**Record excerpts:**
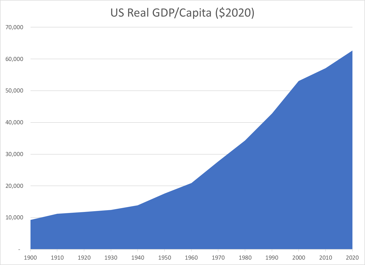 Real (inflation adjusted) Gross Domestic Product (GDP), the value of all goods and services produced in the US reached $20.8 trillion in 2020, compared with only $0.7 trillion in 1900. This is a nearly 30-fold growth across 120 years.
--
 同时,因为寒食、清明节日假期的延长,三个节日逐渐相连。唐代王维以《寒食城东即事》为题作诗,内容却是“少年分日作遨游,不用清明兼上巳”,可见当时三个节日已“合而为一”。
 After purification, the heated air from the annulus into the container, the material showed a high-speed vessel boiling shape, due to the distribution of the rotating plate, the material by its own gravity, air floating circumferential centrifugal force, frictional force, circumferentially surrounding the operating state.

**Exercise details:** Above is a listing; print exactly its lines from the one with "同时,因为寒食、清明节日假期" through the one with "After purification, the", and no other lines.

**Written reply:**
 同时,因为寒食、清明节日假期的延长,三个节日逐渐相连。唐代王维以《寒食城东即事》为题作诗,内容却是“少年分日作遨游,不用清明兼上巳”,可见当时三个节日已“合而为一”。
 After purification, the heated air from the annulus into the container, the material showed a high-speed vessel boiling shape, due to the distribution of the rotating plate, the material by its own gravity, air floating circumferential centrifugal force, frictional force, circumferentially surrounding the operating state.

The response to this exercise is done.